I would definately clean it unless you are planning on displaying it in your aquarium. Nice bottle.


----------



## bearswede (Jan 6, 2007)

Hey, Bud...

  That's gonna look all nice an' shiny when you get it cleaned up... Glad to hear your (cyber) voice again!

  Ron


----------



## Gunsmoke47 (Jan 6, 2007)

Good job Wayne. By all means, clean it!![]


----------



## capsoda (Jan 6, 2007)

Gimmie a break Wayne. You know your gonna clean it. Don't make me sic Thumb Dude on you.


----------



## capsoda (Jan 6, 2007)

Gimmie a breake Wayne. You know your gonna clean it.

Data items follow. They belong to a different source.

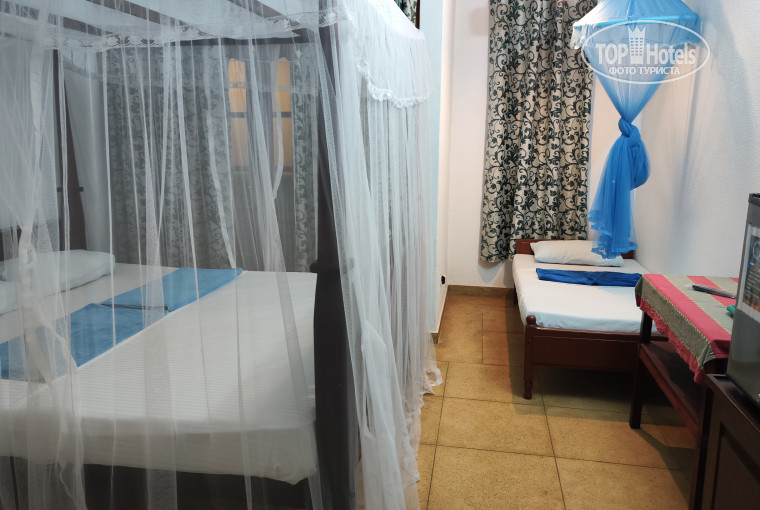 Все примерно совпало. Начну с того что наш рейс задержали на 8 часов, должны были мы прилететь днем, а прилетели поздно ночью. Из аэропорта мы брали индивидуальный трансфер, такси, так как был длительный перелет и хотелось быстрее уже добраться до номера. Приехав ночью, искали вход вместе с таксистом))) Темно ничего не видно, подпись гест хауса есть, а входа нет. Таксист позвонил со своего номера владельцу отеля и тот объяснил, что надо зайти в зеленые ворота, ворота без подписи кстати. Всё оказалось очень просто, мы после перелета уже не сообразили. На территории нас встретил владелец с удивленным лицом, Анжу. Тут же вышел его помощник, взял сумки, они друг другу что то сказали и показали чтобы шли за ним. У нас был оплачен делюкс, поэтому нам дали комнату с подписью делюкс)) В данном гесте все комнаты подписаны стандарт и делюск, отличаются они расположением, видами и размерами. Есть два здания, одно центральное большое и маленькое сбоку двухэтажное, центральное здание как лабиринт, там есть номер с видом вообще во внутреннею часть гест хаус. Ресепшен кстати тоже имеется в гестхаусе, но там никого нет. Хозяева все на первом этаже живут. Мы жили в маленьком двухэтажном. К слову у делюксов лучше вид, расположение комнаты и чуть больше чем стандарт, но совсем чуть чуть больше. ХОТЯ в этом гест хаусе все комнаты очень разные! Есть большие делюксы, есть маленькие, есть с общим или индивидуальным балконом. У нас был наверное средний, комнатка не большая, чистенькая, балкон индивидуальный. Одна кровать большая и маленькая для ребенка. Обе с москитными сетками. Был кондиционер, ТВ, холодильник, чайник, две тумбы, шкаф…и что то подобие сейфа, просто железный ящик на ключе Сначала было тревожно в него складывать ценные бумаги. Но другого варианта не было. Успокаивали себя, что на всей территории камеры, это прямо плюс. У нас ничего не пропало, все в целостности и сохранности оставалось. Туалет и душ стандарт, в туалете было мини окно, наверное для проветривания)) Все работало исправно, как по мне правильно установлен кондиционер, над кроватью т.е дует поверх кровати, получается, что охлаждает, но не продувает. У нас был индивидуальный балкон, это прямо плюс, для нас это важно. Мы обедали на балконе и вечерами там сидели, и вообще часто выходили подышать теплым воздухом)) Единственное что на балконе не работала лампочка, и с ней в принципе какие то проблемы были, мы не стали заморачиваться, включали фонарик на сотовом. Поэтому лайфхак возьмите с собой фонарик маленький и будет вам свет. Кстати свет отключают на Шри ланке и часто. Но в данном гесте есть генератор поэтому мы были со светом, а главное с кондиционером! Большой плюс!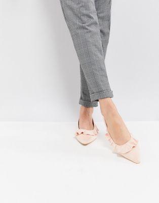 Cute and classic Pointed toe Ruffle trim Hey, frill seekers Flat sole Get low, get low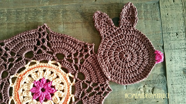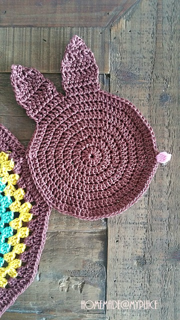 Then, I added a bunny head and a bunny tail to my first granny I made ....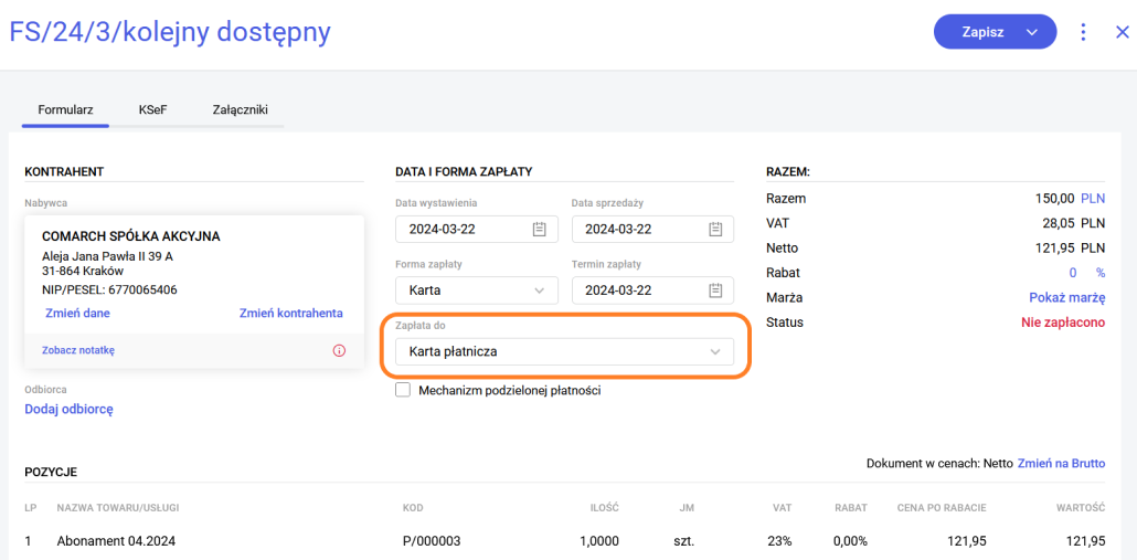 Za pomocą karty można również rozliczać płatności, a także wprowadzać zapisy kasowe/bankowe.

 Don't make me sic Thumb Dude on you!!!


----------



## CanadianBoy (Jan 7, 2007)

Hey Wayne,ya can tell there gettin old when they repeat themselves
 Hey Wayne,ya can tell there gettin old when they repeat themselves


----------



## capsoda (Jan 7, 2007)

Gimmie a breake Wayne. You know your gonna clean it. 

 Don't make me sic Thumb Dude on you!!! 


 Oh, You mean me. Ahhh....Ummmm....... I don't exactly know how that 
 happened.[] 

 Now what were ye talkin about?????[sm=rolleyes.gif]


----------



## Shagnasty (Jan 8, 2007)

[][][]     thanks guys i needed that!


----------